All that shit is pretty true, though. The last line makes me think of Carl Rove/George Bush, strangely enough.

Ok, I've got one for you. It's not Malazan, but it made me think of this. "Show me a hero and I'll write you a tragedy." - F. Scott Fitzgerald


----------



## sakeido (Apr 24, 2007)

"Urugal, witness!"


----------



## the.godfather (Apr 25, 2007)

Sounds fuckin' awesome.  

I *must* start reading these books asap.


----------



## Chris (Apr 25, 2007)

The Dark Wolf said:


> Fuckin' Chris.



I had a Doctor's appointment yesterday (4 fuckin' hours in the waiting room ) and grabbed the wrong book on the way out the door (DG). Since I was there, I figured I'd re-read the whole Chain of Dogs section because it kicked so much ass.


----------



## the.godfather (Apr 25, 2007)

DG is the second in the trilogy right?


----------



## The Dark Wolf (Apr 25, 2007)

Chris said:


> I had a Doctor's appointment yesterday (4 fuckin' hours in the waiting room ) and grabbed the wrong book on the way out the door (DG). Since I was there, I figured I'd re-read the whole Chain of Dogs section because it kicked so much ass.



4 hours, holy schmoly! That's just nuts.

Yeah, I always take books to stuff like that as well. Boredom is like arsenic to me. Bleah.



the.godfather said:


> DG is the second in the trilogy right?



Yep.  (Although technically, it's not a trilogy, since there are, so far, 6 books to the series. But hey. )


----------



## Popsyche (Apr 25, 2007)

"the truth assails every scholar wise enough to know his own ignorance. "

Ain't it the truth!


----------



## the.godfather (Apr 25, 2007)

The Dark Wolf said:


> Yep.  (Although technically, it's not a trilogy, since there are, so far, 6 books to the series.
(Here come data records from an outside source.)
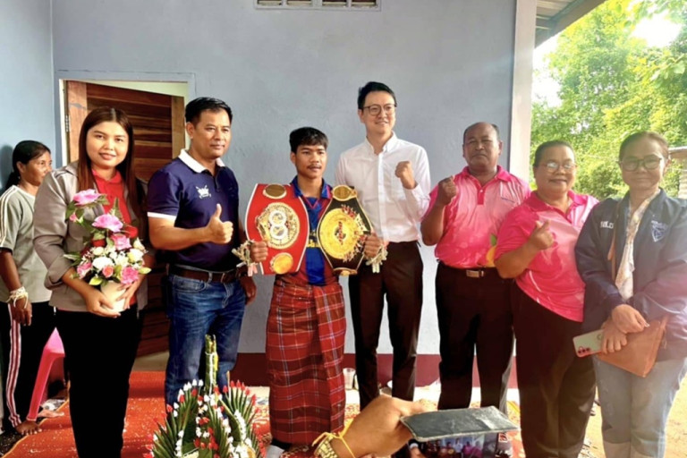 ชาวศรีสะเกษ แห่ต้อนรับ “เพชรโกศล กรีนสึดะ” แชมป์โลกสหพันธ์มวยนานาชาติ (IBF) รุ่นจูเนียร์ฟลายเวท 108 ปอนด์ คึกคัก
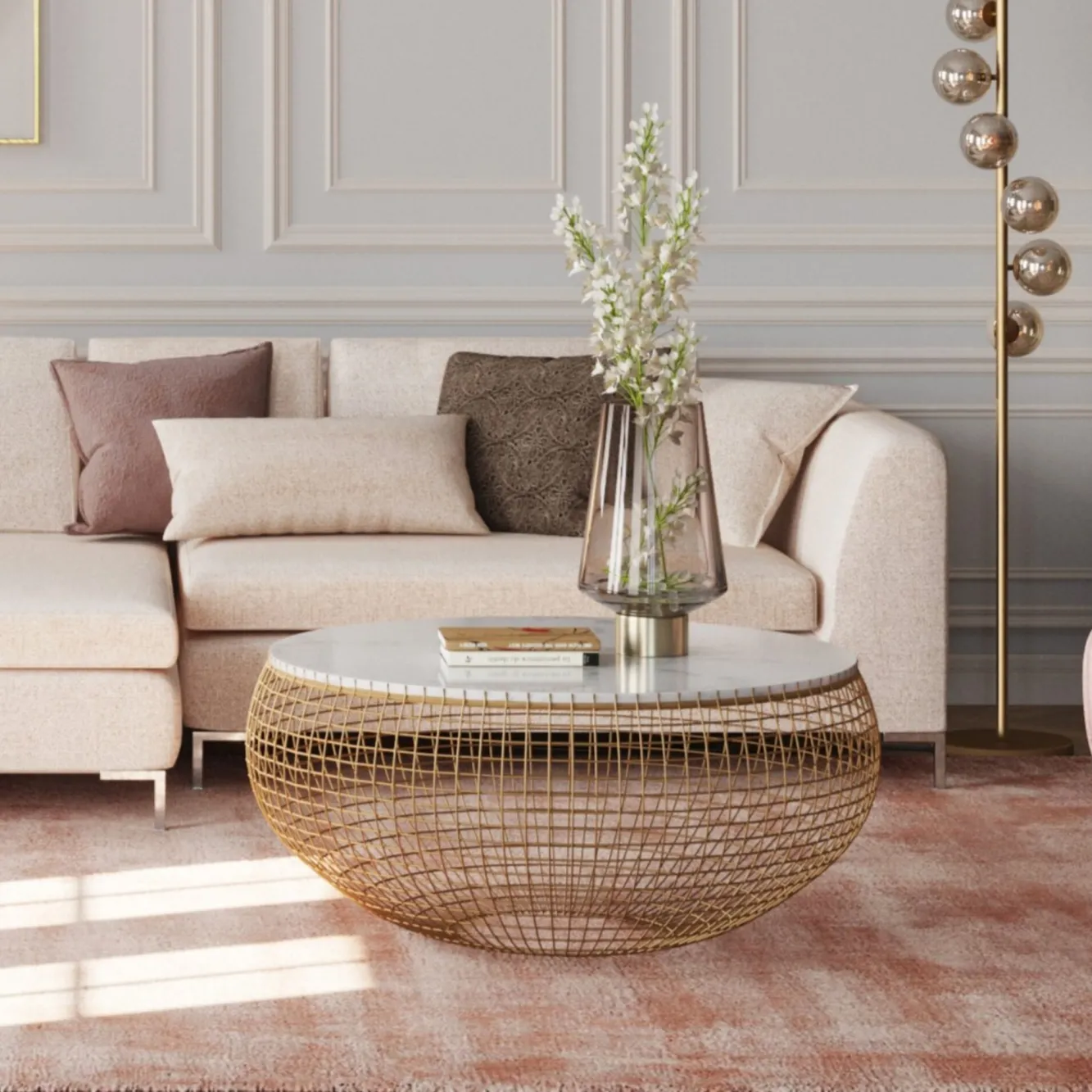 Stolik kawowy Cesta Marbel Ø100 cm złoty
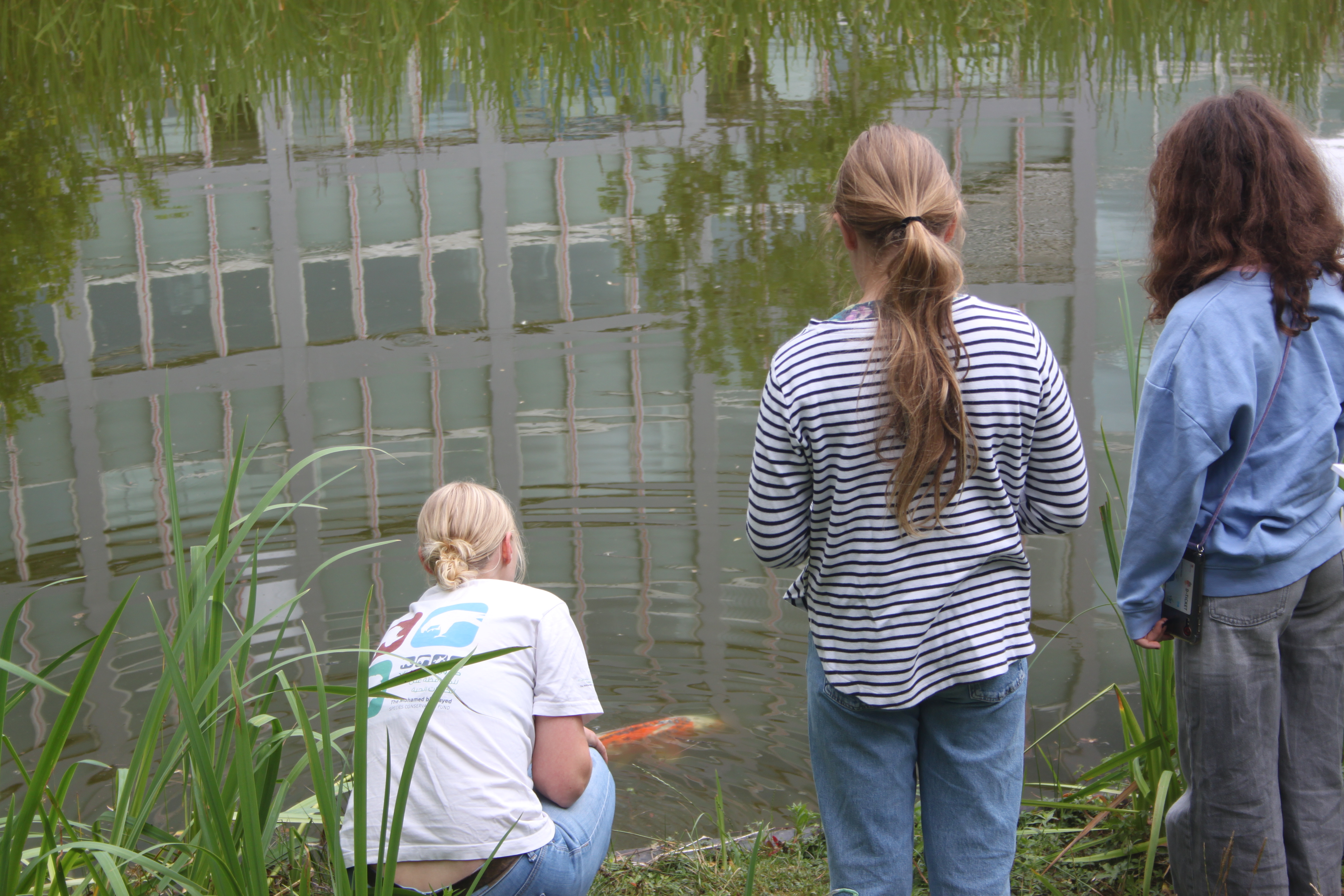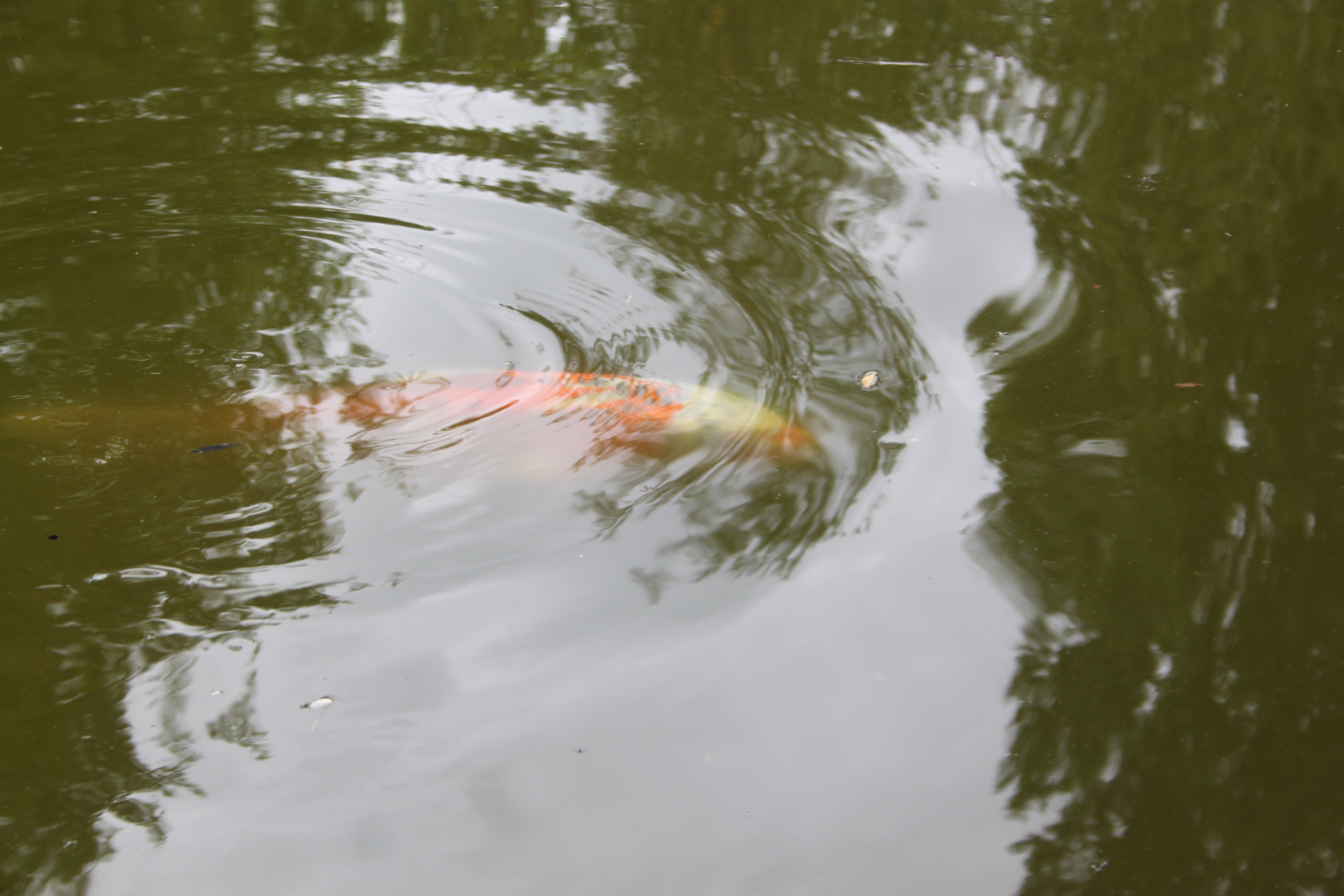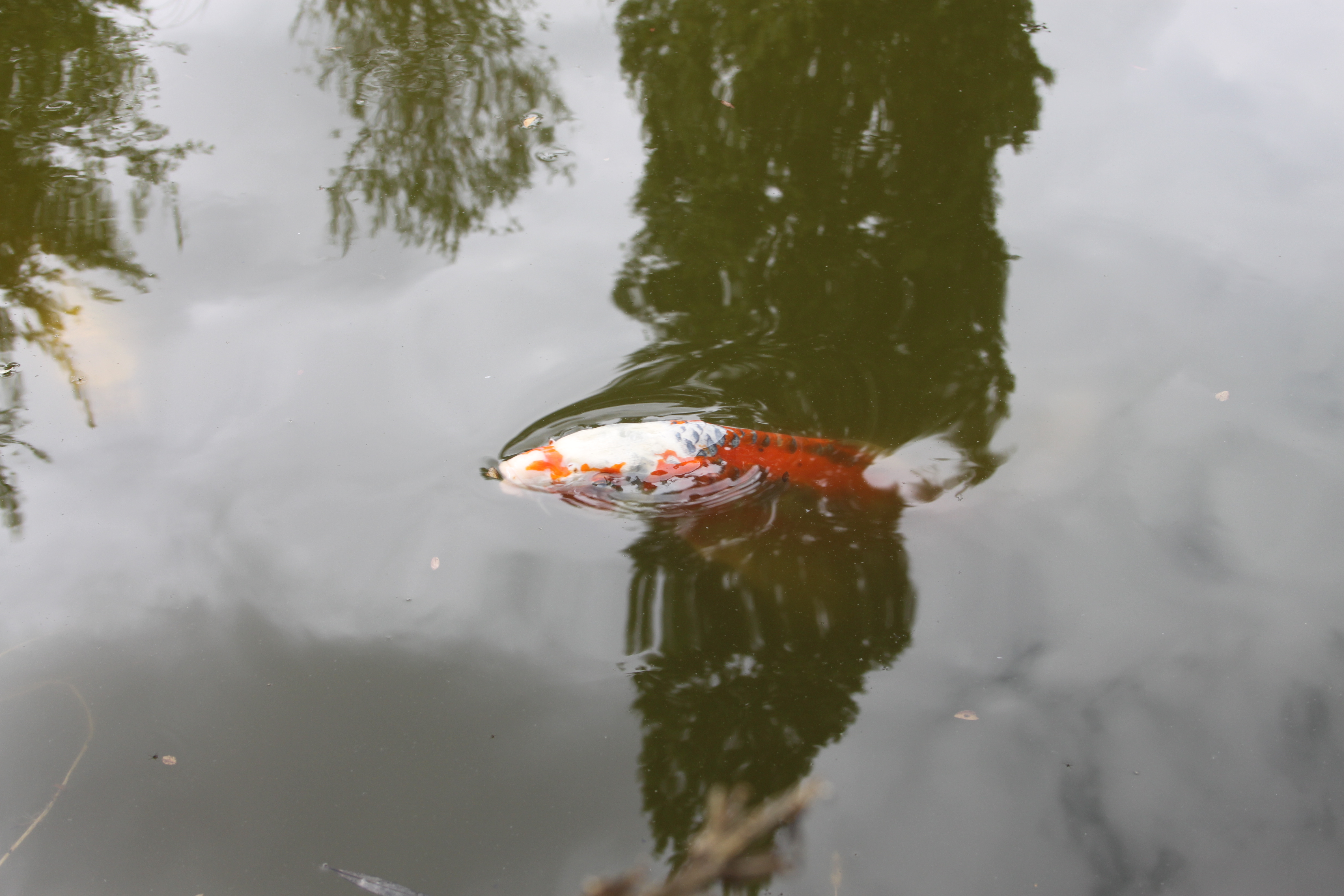 Koi-Karpfen sind sehr zutraulich. Sie werden bis zu 226 Jahre alt. Diese Fischart hat meistens die Farben Orange, Schwarz und Weiß. Auch wenn die Veranstaltung so hieß, können wir natürlich nicht mit den Koi-Karpfen reden.

But hey. )



In that case, I will call it a.........Saga!


----------



## The Dark Wolf (Apr 25, 2007)

^ Fitting.


----------



## Chris (Apr 25, 2007)

I just finished the last bit of Chain of Dogs, just because I couldn't stop so close to the end.  Goddamn, Kalam just fuckin' KILLS in this book. (pardon the pun)


----------



## The Dark Wolf (Apr 26, 2007)

Wah, wah, waaahh... 

He's one of my favorites.


----------